Posted by: gordon | Link to comment | Aug 14, 2008 at 06:36 PM
gorgon's link yields gemstone passage:
"In particular, changes made in CPI methodology during the Clinton Administration understated inflation significantly, and, through a cumulative effect with earlier changes that began in the late-Carter and early Reagan Administrations...."
wait for it you old bastards...
"... reduced current social security payments by roughly..."
keep waitin'
" half ..."
half !!!!!
"....from where they would have been otherwise"
that's right you rubes ...half !!!!!
" .. Social Security checks today
would be about double
had the various changes not been made"
can you live with it ?????
boy oh boy those pointy headed bastards
whoopin and fudgin' it up
along the potomac
really ..by jingo - ed us ...eh ???
Posted by: paine | Link to comment | Aug 14, 2008 at 06:57 PM
The "weak dollar policy" is in effect to grow exports which has worked. Of course it makes imports more expensive which adds to inflation, but it also brings the trade deficit better into balance. Raising interest rates would strengthen the dollar. Since we owe the rest of the world so much money, it is better for us that we pay them off in weak dollars than in strong dollars.
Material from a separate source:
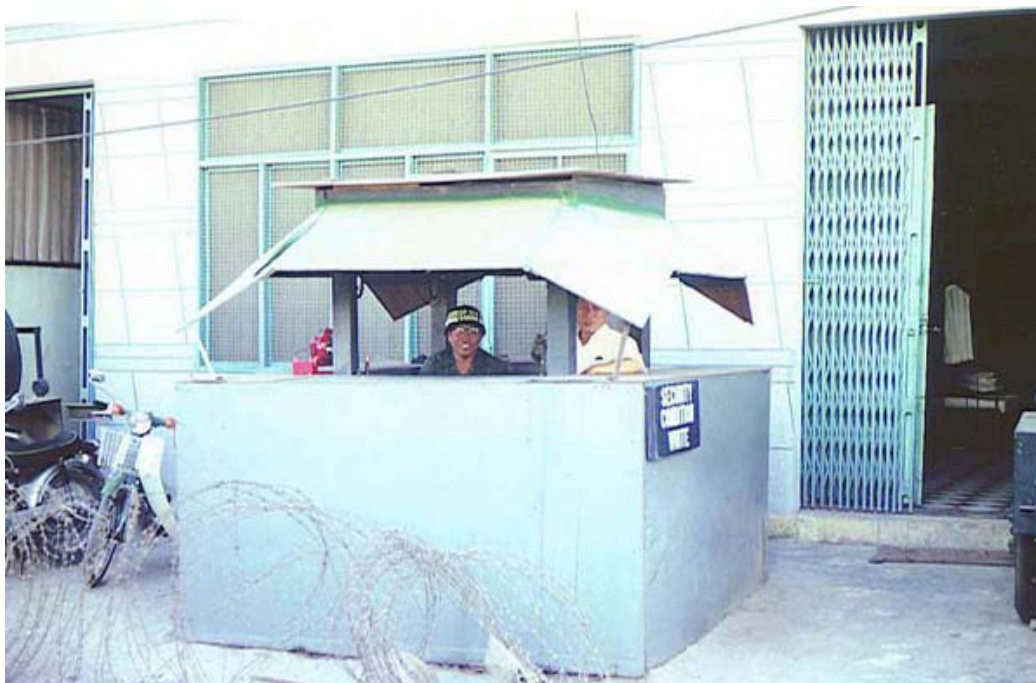
21. Nha Trang AB. Hotel post. Chinese Nung Guards. nt-anthony-niemotka-1-hotel-post-chinese nung-guard-1968-1969.jpg

A rousing round of wage/price inflation would help adjust the falling housing prices. Being worth less in inflated dollars would stabilize price and make them more affordable and fewer people underwater. However, wages are deflating, which only makes the housing problem worse.
Posted by: bakho | Link to comment | Aug 14, 2008 at 07:38 PM
I wanted Bernanke to stop raising rates, but he took three steps anyway. I wanted more temperate reductions, and he should have stopped between 3.5 and 3. But paraphrasing, you go foward with the rates that you have, not the rates that you want. So, where do my wants get me? Nowhere.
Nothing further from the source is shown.